Version 1.4 allows developers to take full advantage of the 8500's more advanced pixel shaders, but it also forces developers to write two different pieces of code--one for the 8500, and one for the GeForce3--in order to accomplish the exact same thing. The upshot is that developers probably won't go to such great lengths, and as a result, they'll default to the lowest common denominator and avoid the more advanced features of either 3D card family. We'll do out best to explain more in next month's Quick Start section.
For sheer speed and image quality, the Radeon 8500 is the best 3D card available today--but boy, oh boy, we're worried about its driver stability. We're giving the Radeon 8500 a 10 verdict, because it wouldn't be fair to ding it for problems that haven't yet occurred. But you can rest assured we'll be watching the card very closely and reporting on snafus, should any arise.

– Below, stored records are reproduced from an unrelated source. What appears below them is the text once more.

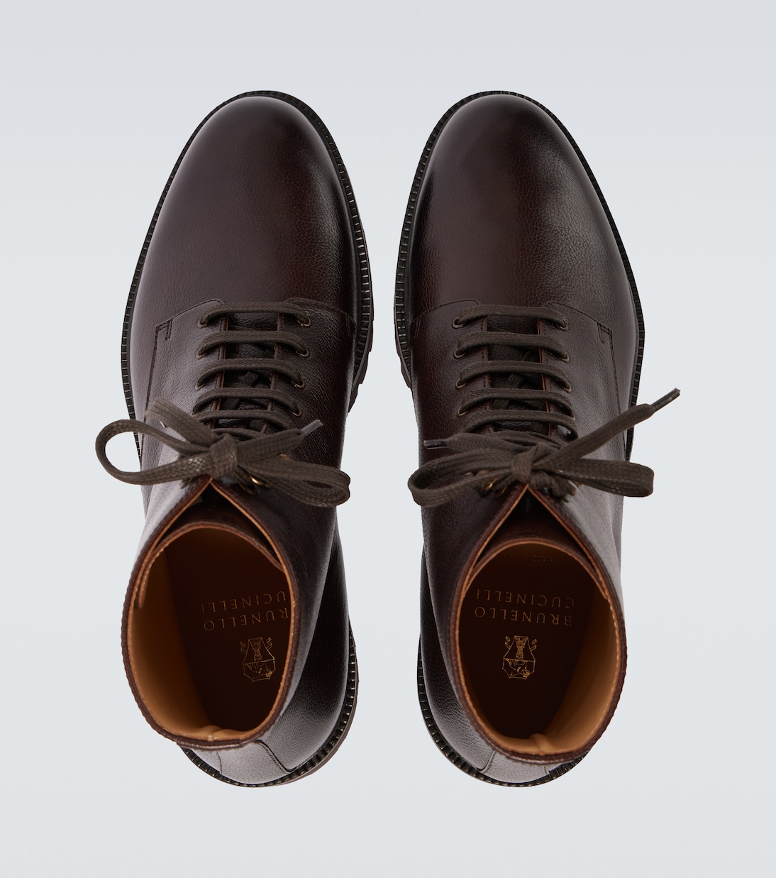 Модели Brunello Cucinelli создаются в Соломео, средневековой деревушке, где искусство и традиции вплетены в каждую нить дома. Эти ботинки на шнуровке искусно изготовлены из кожи и оснащены рифленой резиновой подошвой.
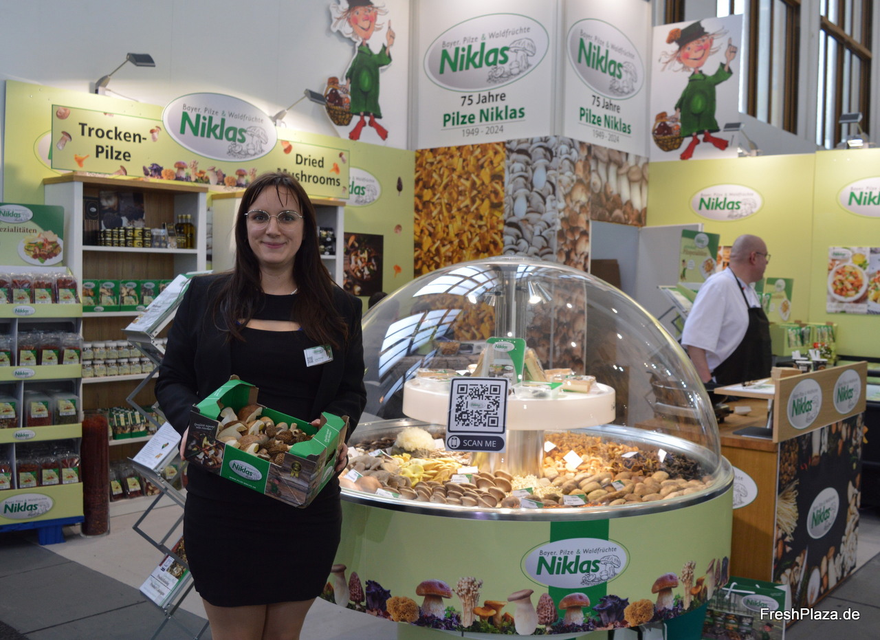 Lisa Niklas vom gleichnamigen, bayerischen Familienunternehmen präsentierte einen breiten Auszug an frischen, getrockneten und tiefgekühlten Pilzprodukten. Im Bild zeigt Frau Niklas eine Mischung aus chinesischen Morcheln und südafrikanischen Steinpilzen.
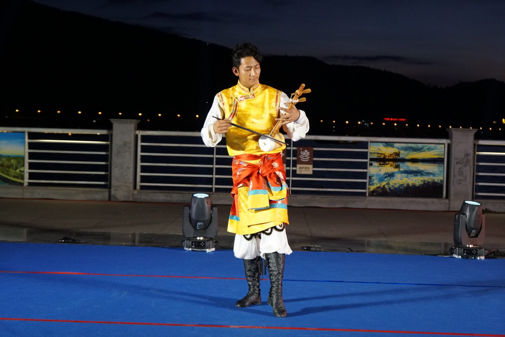 現(xiàn)場,迪慶州文化館的演員們用婉轉(zhuǎn)的歌聲、優(yōu)美的舞姿,為現(xiàn)場觀眾帶來了一場視聽盛宴。開場舞蹈《歡天喜地》以悠揚的旋律、奔放的舞步,瞬間引起了現(xiàn)場群眾的關(guān)注和歡呼。大家紛紛打開相機,留下美好的瞬間。在接下來一個半小時的演出中,舞蹈《香格里拉鍋莊》《阿尺目刮》、弦子演奏《熱芭》、歌曲《卓瑪拉》《維西歡迎您》等精彩節(jié)目輪番上演,全方位詮釋了“奮進迪慶”的獨特魅力,為現(xiàn)場觀眾獻上了一場融地方文旅特色和藝術(shù)內(nèi)涵于一體的視聽盛宴,加深了大家對迪慶的印象。
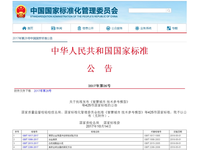 近日,中国国家标准化管理委员会发布关于批准发布《智慧城市技术参考模型》等425项国家标准的公告(2017年第26号),由我院全国工程材料标准化工作组(SAC/SWG3)主持制订的两项国家标准《金属基复合材料术语》(标准号GB/T 34558-2017)和《铝基复合材料冲击试验方法》(标准号GB/T 34556-2017)获批发布。加上2017年7月12日批准发布的国家标准《复合材料用腰果酚改性酚醛树脂》(标准号GB/T 34006-2017),2017年我院全国工程材料标准化工作组(SAC/SWG3)共计有三项国家标准获批发布。
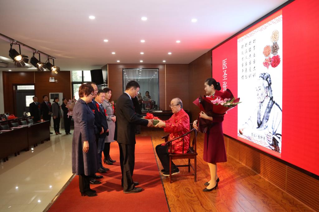 毛德西教授带领所有弟子向医圣张仲景像行三鞠躬礼,徒弟分2组分别向老师行三鞠躬礼,并接收老师颁授的“拜师授徒证书”。弟子宣读拜师帖,新收徒弟代表二附院副院长胡仕祥发言。拜师仪式上,毛德西教授将其长期总结出的书写医学论文的方法悉数传授给学生,希望每一位学中医的学生都记在心中并付诸实践。
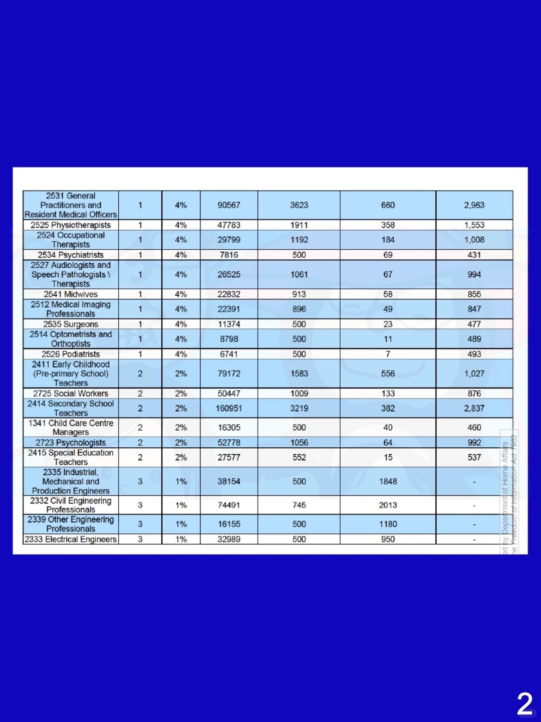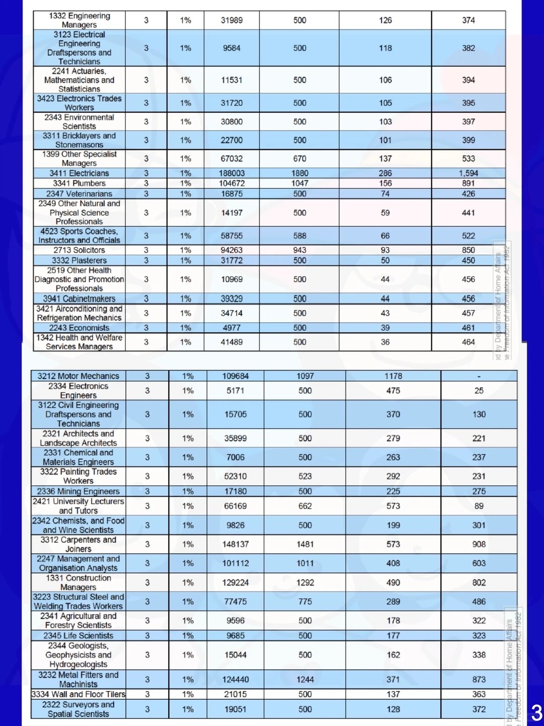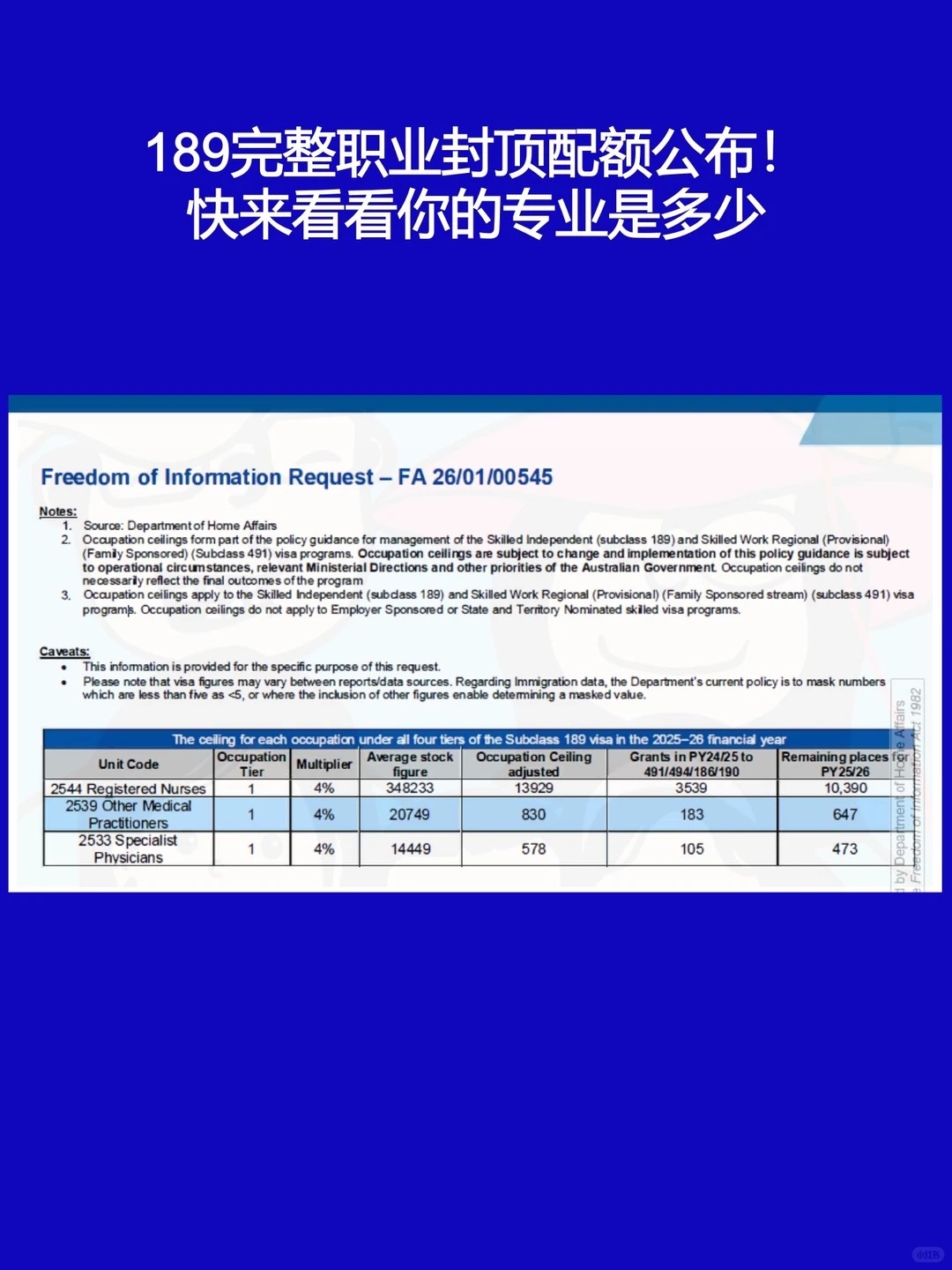 这个表格由左到右分别是各个职业名称、职业tier,以及占比,澳洲劳动力市场的平均从业人数、本财年该职业的理论上限名额,上财年已经批复的491/494/186/190的数量,最后一览是各个职业本财年189的邀请名额上限

Pros: Wow, it's fast! And you can connect the board to an HDTV using a common DB-15-to-5 component video cable.
Cons: ATI's driver history and a fractured pixel shader spec gives us the willies. Will all our games play properly in the future?
Score= 10/10!!
And it won the Maximum PC KICKASS Product award.
The Specs:
Core-275 MHz R200 chip
Memory-275 MHz DDR SDRAM
8Max Res-2048x1536x32
Benchmarks:
Quake MPC demo-61.0fps
3DMark2001 Game 2 high detail-60.2fps
3DMark2001 Game 4-18.2fps
Aquamark-Didn't run
(These are on our 1.3GHz HP Pentium 4 testbed using the 4.13.7816 ATI driver)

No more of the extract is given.